En cuanto al procedimiento, si se produce un incendio lo primero es notificarlo a la aseguradora en un plazo muy corto de tiempo, normalmente menos de siete días. No debes manipular la zona sin autorización, salvo para asegurar la vivienda o evitar más daños. Siempre que sea posible, conviene realizar un inventario de lo dañado, tomar fotografías y guardar facturas que acrediten el valor de los objetos. Estos pasos facilitan la tasación del siniestro y agilizan la indemnización.

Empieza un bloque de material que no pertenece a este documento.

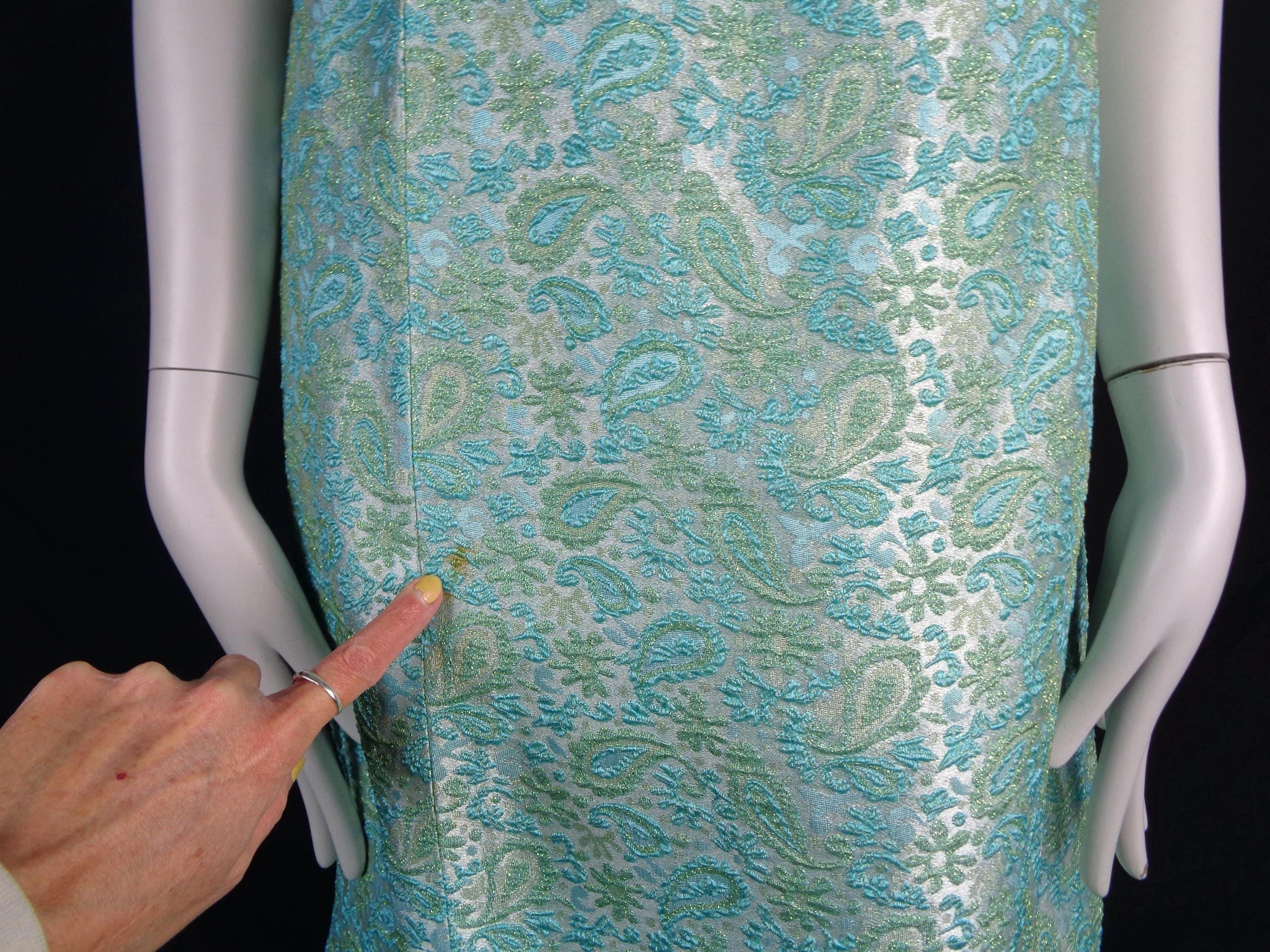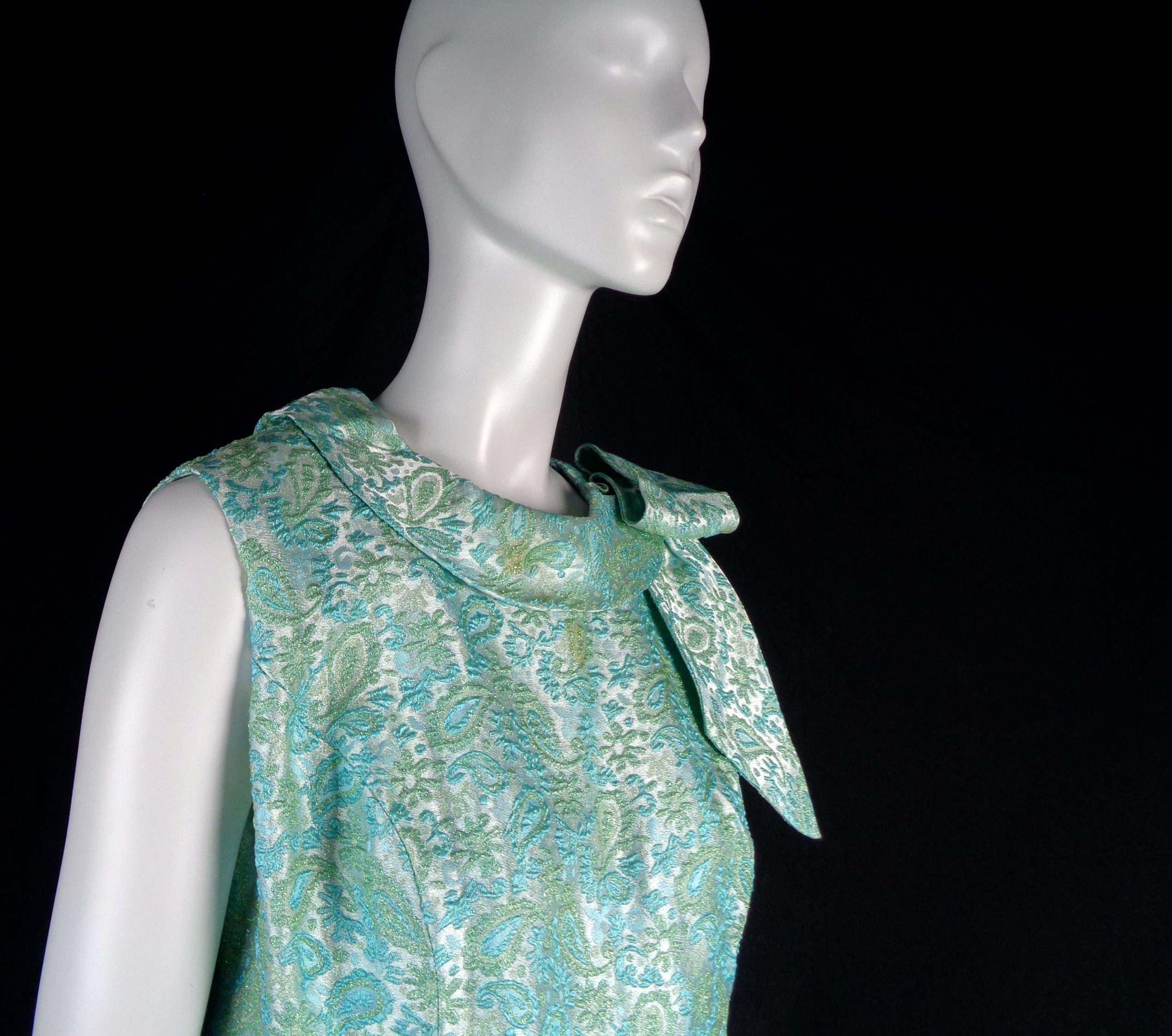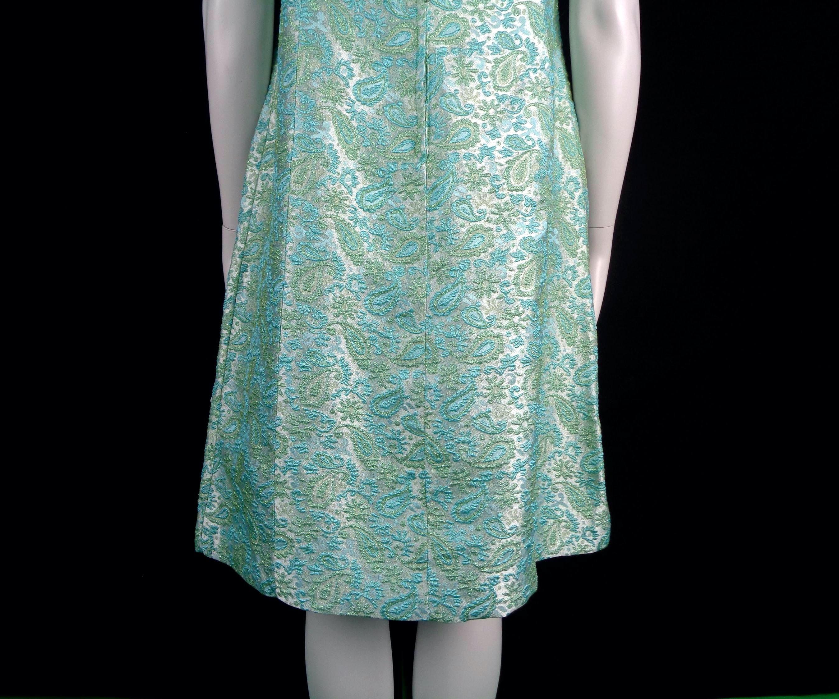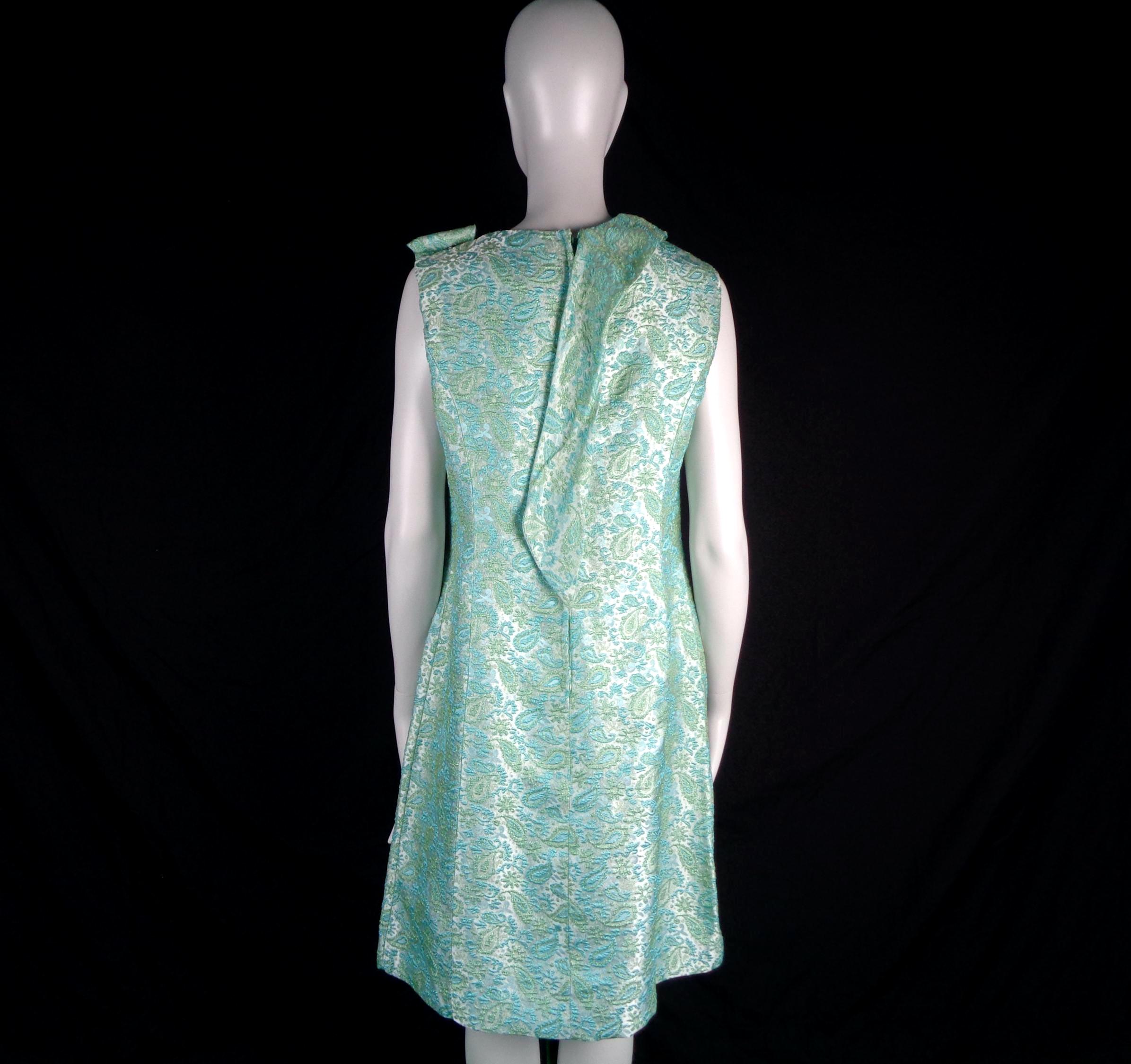 Features a built in chest scarf with snaps that can be worn more ways than one, with a back metal zipper, a brocade paisley pattern, design throughout! Great compliment piece!

También hay que tener en cuenta situaciones especiales, como los incendios forestales que afectan a viviendas cercanas al campo o a zonas rurales. Dependiendo de la póliza, podrías estar cubierto, aunque en muchos casos entran en juego ayudas públicas o declaraciones de zona catastrófica. Si vives en una zona de riesgo, es muy recomendable preguntar a tu aseguradora por este punto en concreto.
La cobertura de incendio no solo protege frente a las llamas. En ocasiones, también se incluyen los daños derivados del humo, que pueden ser tan devastadores como el fuego en sí, o las consecuencias de la actuación de los bomberos, como el agua utilizada para apagar el incendio. Aunque estos daños no sean directos, tienen un coste elevado y pueden dejar inservibles muebles, electrodomésticos y paredes.
Finalmente, merece la pena destacar que esta cobertura es una de las más valoradas en cualquier seguro de hogar porque ofrece una red de seguridad frente a uno de los riesgos más graves y costosos a los que puede enfrentarse una vivienda. Elegir bien la suma asegurada, revisar las exclusiones y mantener la póliza actualizada con las mejoras o cambios en la casa son pasos esenciales para que, en caso de un incendio, tengas la certeza de estar realmente protegido.